Am I being paranoid about having publicly-routeable IPv6? That's so reliant on the gateway having robust firewall. With IPv4, it's a straightforward: if incoming traffic doesn't know where to go, so it's dropped. When I tried IPv6 on my home network, my iphone did get a valid address and passed those browser tests. However, turning off wifi fails those test. This whole IPv6 still seems to be still in roll out stage after hearing about it soooo many years ago. In unrelated news, my parents were moved from CGNAT back to static IP. Their LitFibre had been transferred to Zen, such an epic win. I'd happily pay £50 a month for Zen to supply me with symmetrical fibre and a static IP. Alas, I'm stuck with Community Fibre.
It doesn't have to be "robust," in that it's not actually doing anything security related - it's not like an antivirus where it has to have updated signatures or stuff gets through, it's just a blanket "deny all" policy in iptables (or whatever.) If you don't add something overriding that (i.e. "forwarding" a port) then it goes nowhere, just like NAT in IPv4.
That's very true.

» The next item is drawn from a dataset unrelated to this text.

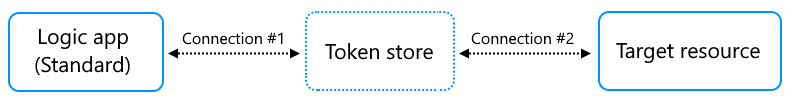 概念图显示了逻辑应用和令牌存储之间的第一个身份验证连接以及令牌存储和目标资源之间的第二个连接。
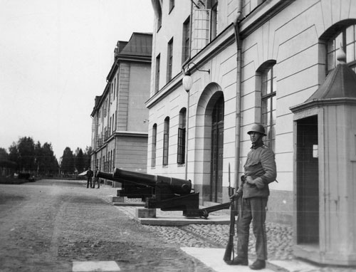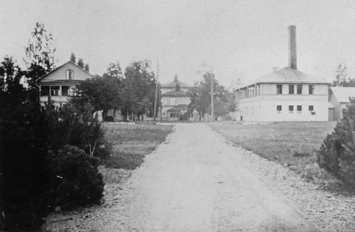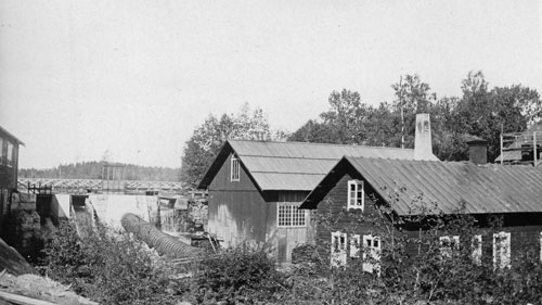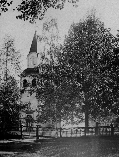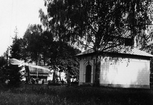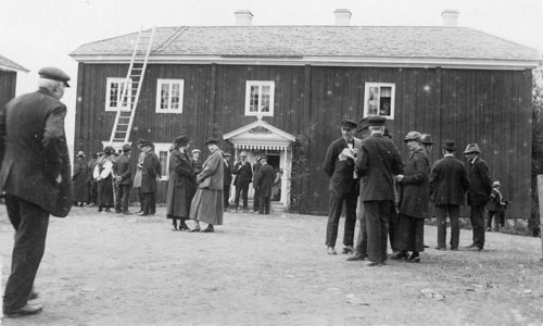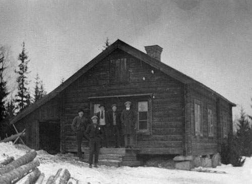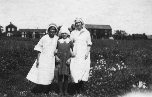 Bildtext: Vy från Heds, Forngården i Fränö. Förmodligen besökare hos Heds. På sommaren hade Heds ibland besök av borgare från Hudiksvall som ville ut på landet. De ser ut att tillhöra en stadsfamilj.

I have been thinking of it the wrong way. It is just a brick wall, anything not recognised is discarded. So just as secure as NAT in IPv4.
Wow that was fast. Within about 10min after confirming new contract, around the time I put down the phone, I'm now on CGNAT, IPv4 starting with 100. (IPv6 allocation of /56 unchanged) Luckily with VPS and others I've set up, all my services remain accessible.